Exercise description:
From the first line to the last, copy the listing exactly and omit the images.
##### Data
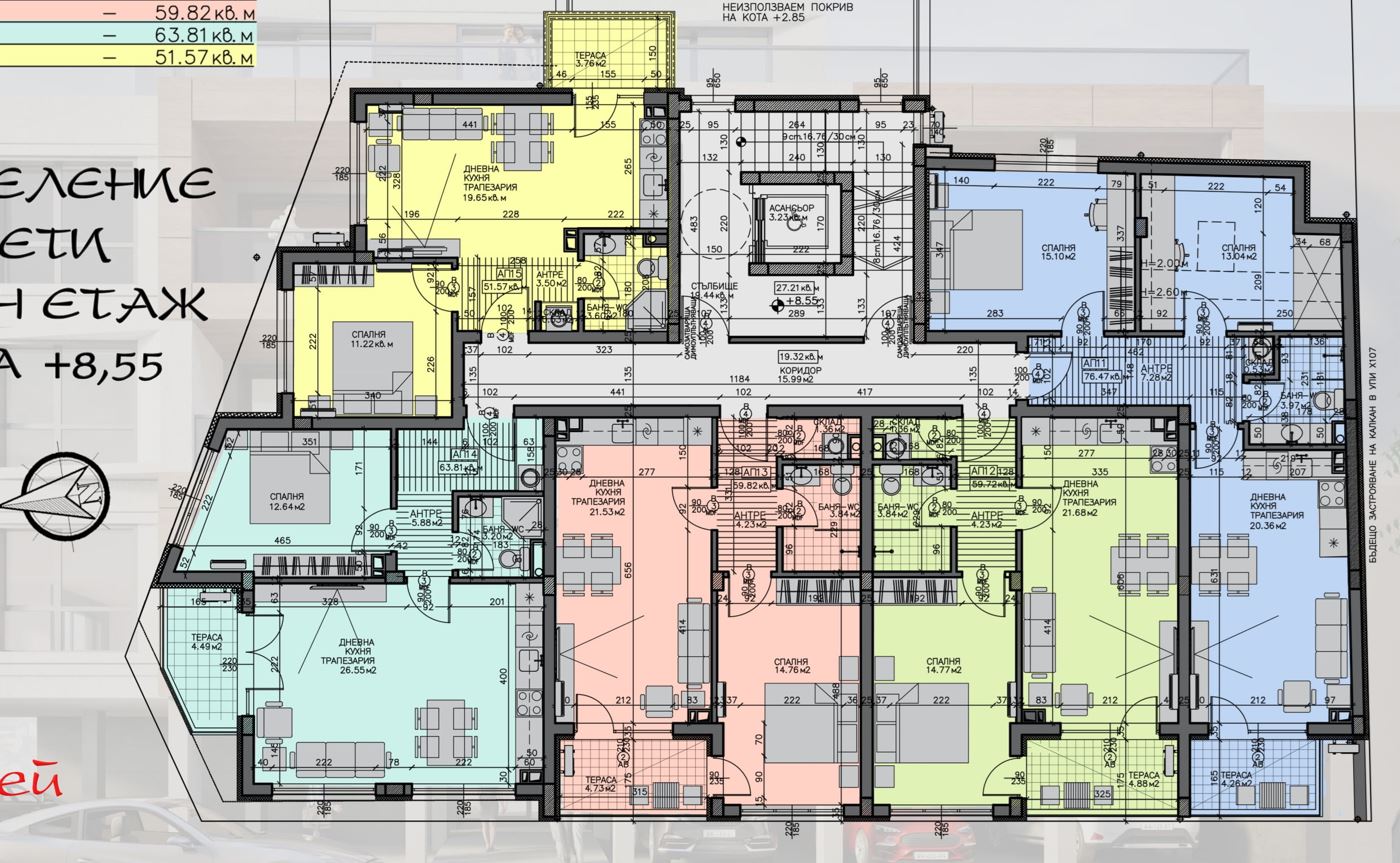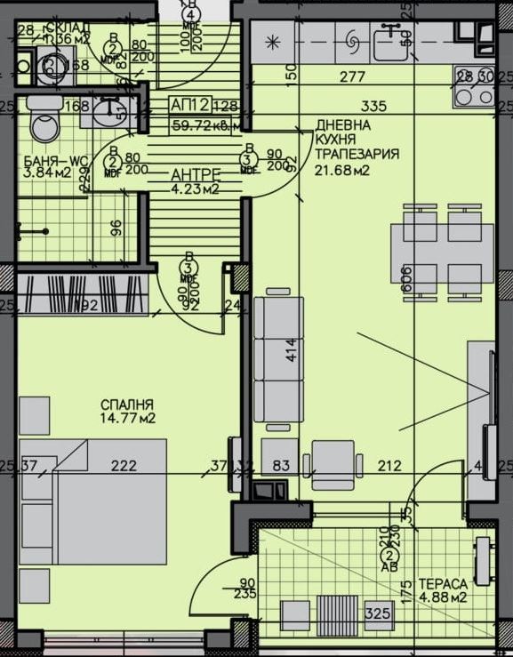 Przedstawiamy nowoczesne mieszkanie dwupokojowe o powierzchni 71.42 m², położone na czwartym piętrze nowoczesnego budynku mieszkalnego w prestiżowej dzielnicy Zornitsa w Burgas. Nieruchomość jest częścią nowego współczesnego projektu, zaprojektowanego z myślą o komforcie przyszłych właścicieli i łączącego nowoczesny design, funkcjonalność oraz strategiczną lokalizację.
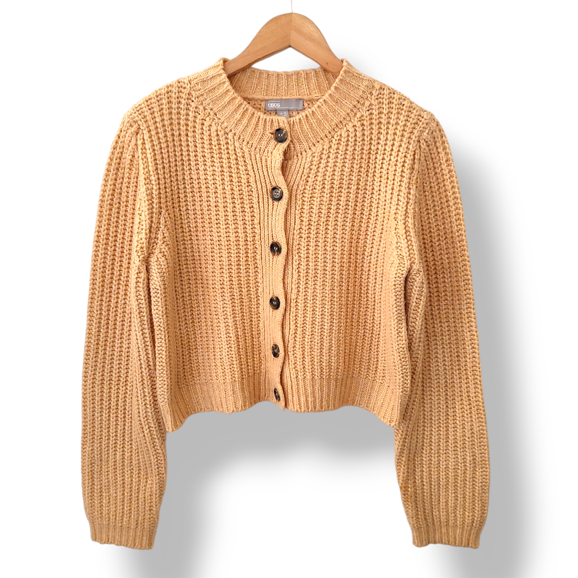 Este cardigan Asos de color mantequilla es una opción perfecta para lucir femenina y abrigada. Con su material acrílico, llega hasta la cadera y te mantendrá cálida en los días fríos. Además, su versatilidad lo hace ideal para combinar con cualquier atuendo. ¡Un artículo imprescindible en tu armario!Cardigan
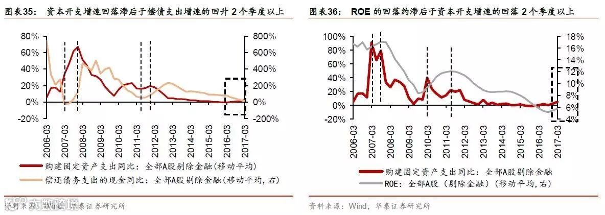 从历史财报数据来看,A股非金融企业的资本开支增速的回落滞后于偿债支出增速的回升约两个季度,而ROE的回落滞后于资本开支增速的回落约两个季度。由于2017年一季度A股非金融企业的偿债支出增速仍在回落,所以资本开支增速回升将至少延续至三季度,从而A股非金融企业的ROE将继续修复至少4个季度,高点或在在明年一季度后出现。
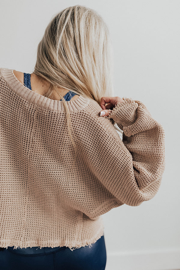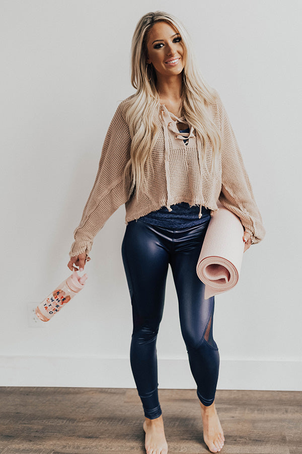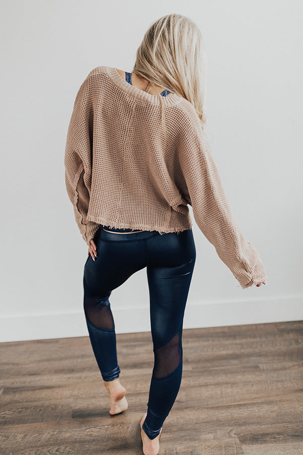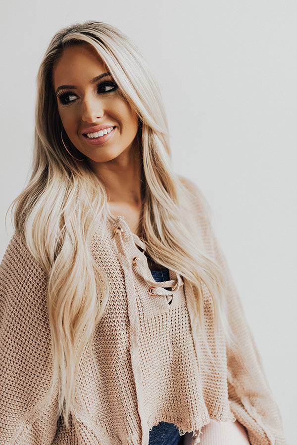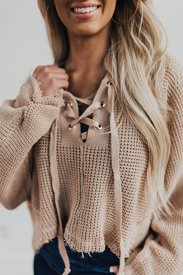 Stand out from the crowd in this frayed crop lace up sweater. The "Coffee Casual Lace Up Crop Sweater" features edgy frayed details, a raw hemline, and a lace up v-neck with rose gold accents! This lace up crop sweater offers a comfortable fit without compromising style.
##########
Reply to the exercise:
 Przedstawiamy nowoczesne mieszkanie dwupokojowe o powierzchni 71.42 m², położone na czwartym piętrze nowoczesnego budynku mieszkalnego w prestiżowej dzielnicy Zornitsa w Burgas. Nieruchomość jest częścią nowego współczesnego projektu, zaprojektowanego z myślą o komforcie przyszłych właścicieli i łączącego nowoczesny design, funkcjonalność oraz strategiczną lokalizację.
 Este cardigan Asos de color mantequilla es una opción perfecta para lucir femenina y abrigada. Con su material acrílico, llega hasta la cadera y te mantendrá cálida en los días fríos. Además, su versatilidad lo hace ideal para combinar con cualquier atuendo. ¡Un artículo imprescindible en tu armario!Cardigan
 从历史财报数据来看,A股非金融企业的资本开支增速的回落滞后于偿债支出增速的回升约两个季度,而ROE的回落滞后于资本开支增速的回落约两个季度。由于2017年一季度A股非金融企业的偿债支出增速仍在回落,所以资本开支增速回升将至少延续至三季度,从而A股非金融企业的ROE将继续修复至少4个季度,高点或在在明年一季度后出现。
 Stand out from the crowd in this frayed crop lace up sweater. The "Coffee Casual Lace Up Crop Sweater" features edgy frayed details, a raw hemline, and a lace up v-neck with rose gold accents! This lace up crop sweater offers a comfortable fit without compromising style.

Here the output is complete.